Cependant, les actuels Égypte, Israël, État de Palestine, Jordanie, Liban, Syrie, Iraq, Turquie, Iran, Arabie saoudite, Yémen et principautés du Golfe ont plusieurs millénaires d’histoire commune. Pourtant leur division politique date de la Première Guerre mondiale. Elle est due aux accords secrets négociés, en 1916, entre Sir Mark Sykes (Empire britannique), François Georges-Picot (Empire français) et Sergueï Sazonov (Empire russe). Ce projet de traité avait fixé le partage du monde entre les trois grandes puissances de l’époque pour l’après-guerre. Toutefois, le Tsar ayant été renversé et la guerre ne s’étant pas déroulée comme espérée, le projet de traité ne fut appliqué qu’au Moyen-Orient par les seuls Britanniques et Français sous le nom d’« accords Sykes-Picot ». Ils ont été révélés par les Bolcheviks qui s’opposèrent aux tsaristes, notamment en contestant le Traité de Sèvres (1920) et en aidant leur allié turc (Mustafa Kemal Atatürk).
De tout cela, il ressort que les habitants de cette région forment une seule population, composée d’une multitude peuples différents, présents un peu partout et étroitement mêlés. Chaque conflit actuel poursuit des batailles passées. Il est impossible de comprendre les événements actuels sans connaître les épisodes précédents.

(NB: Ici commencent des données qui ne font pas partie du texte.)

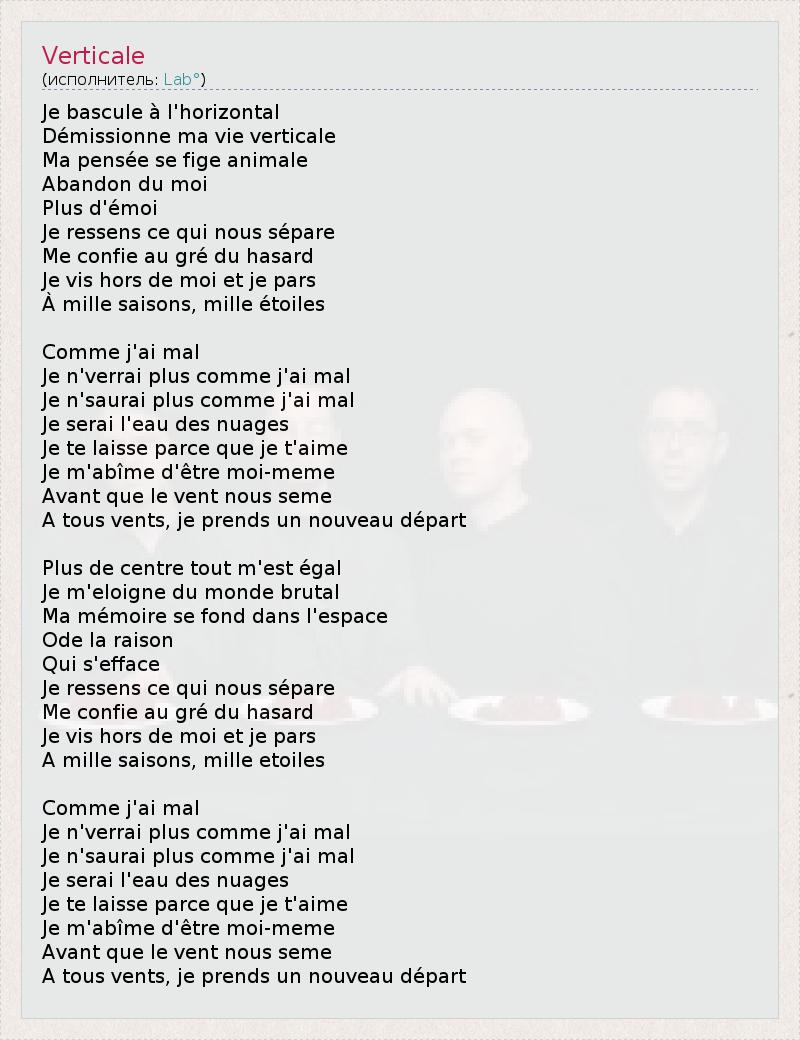 Je bascule à l'horizontal Démissionne ma vie verticale Ma pensée se fige animale Abandon du moi Plus d'émoi Je ressens ce qui nous sépare Me confie au gré du hasard Je vis hors de moi et je pars À mille saisons, mille étoiles Comme j'ai mal Je n'verrai plus comme j'ai mal Je n'saurai plus comme j'ai mal Je serai l'eau des nuages Je te laisse parce que je t'aime Je m'abîme d'être moi-meme Avant que le vent nous seme A tous vents, je prends un nouveau départ Plus de centre tout m'est égal Je m'eloigne du monde brutal Ma mémoire se fond dans l'espace Ode la raison Qui s'efface Je ressens ce qui nous sépare Me confie au gré du hasard Je vis hors de moi et je pars A mille saisons, mille etoiles Comme j'ai mal Je n'verrai plus comme j'ai mal Je n'saurai plus comme j'ai mal Je serai l'eau des nuages Je te laisse parce que je t'aime Je m'abîme d'être moi-meme Avant que le vent nous seme A tous vents, je prends un nouveau départ

Par exemple, les Libanais et les Syriens de la côte sont des Phéniciens. Ils ont dominé commercialement la Méditerranée antique et ont été dépassés par les gens de Tyr (Liban) qui ont créé la plus grande puissance de l’époque, Carthage (Tunisie). Celle-ci a été entièrement rasée par Rome (Italie), puis le général Hannibal Barca se réfugia à Tyr (Liban), et en Bithynie (Turquie). Même si l’on n’en a pas conscience, le conflit entre la gigantesque coalition autoproclamée des « Amis de la Syrie » et la Syrie poursuit la destruction de Carthage par Rome et le conflit des mêmes prétendus « Amis de la Syrie » contre sayyed Hassan Nasrallah, le chef de la Résistance libanaise, poursuit la traque d’Hannibal lors de la chute de Carthage. De fait, il est absurde de se borner à une lecture étatique des événements et d’ignorer les clivages trans-étatiques du passé.

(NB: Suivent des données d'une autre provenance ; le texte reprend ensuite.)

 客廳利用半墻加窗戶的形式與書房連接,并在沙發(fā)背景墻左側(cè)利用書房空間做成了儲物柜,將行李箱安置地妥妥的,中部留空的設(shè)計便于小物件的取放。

Ou encore, en créant l’armée jihadiste Daesh, les États-Unis ont magnifié la révolte contre l’ordre colonial franco-britannique (Les accords Sykes-Picot). L’« État islamique en Iraq et au Levant » prétend ni plus, ni moins, que décoloniser la région. Avant de chercher à démêler la vérité de la propagande, il faut accepter de comprendre comment les événements sont ressentis émotionnellement par ceux qui les vivent.
Guerre perpétuelle
Depuis le début de l’Histoire, cette région est le théâtre de guerres et d’invasions, de civilisations sublimes, de massacres et encore de massacres dont presque tous les peuples de la région ont été victimes chacun à leur tour. Dans ce contexte, la première préoccupation de chaque groupe humain est de survivre. C’est pourquoi les seuls accords de paix qui peuvent durer doivent prendre en compte leurs conséquences pour les autres groupes humains.

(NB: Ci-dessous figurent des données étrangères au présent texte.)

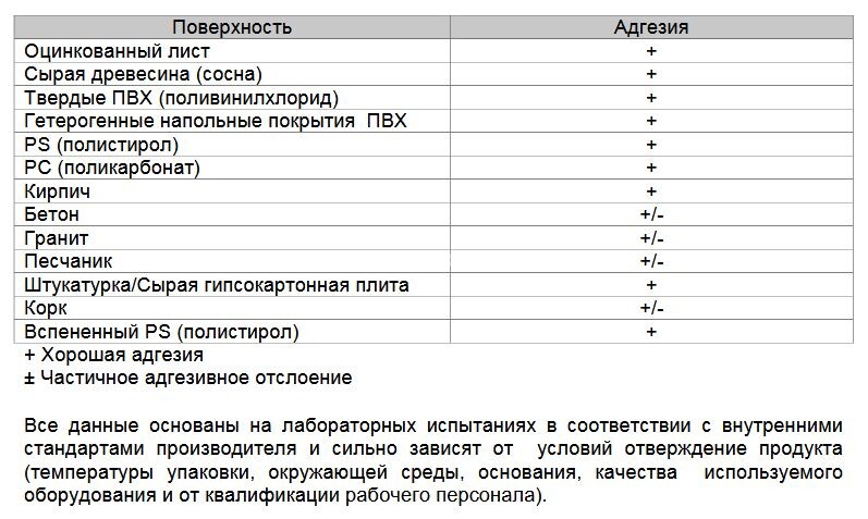 - Адгезия к пористым строительным материалам: кирпичу, штукатурке, бетону, дереву, камню

Par exemple, il est impossible depuis soixante douze ans de trouver un accord entre les colons européens d’Israël et les Palestiniens parce qu’on néglige le prix qu’auraient à payer les autres acteurs de la région. La seule tentative de paix qui réunissait tous les protagonistes fut la conférence de Madrid convoquée par les USA (Bush père) et l’URSS (Gorbatchev), en 1991. Celle-ci aurait pu aboutir, mais la délégation israélienne s’accrochait encore au projet colonial britannique.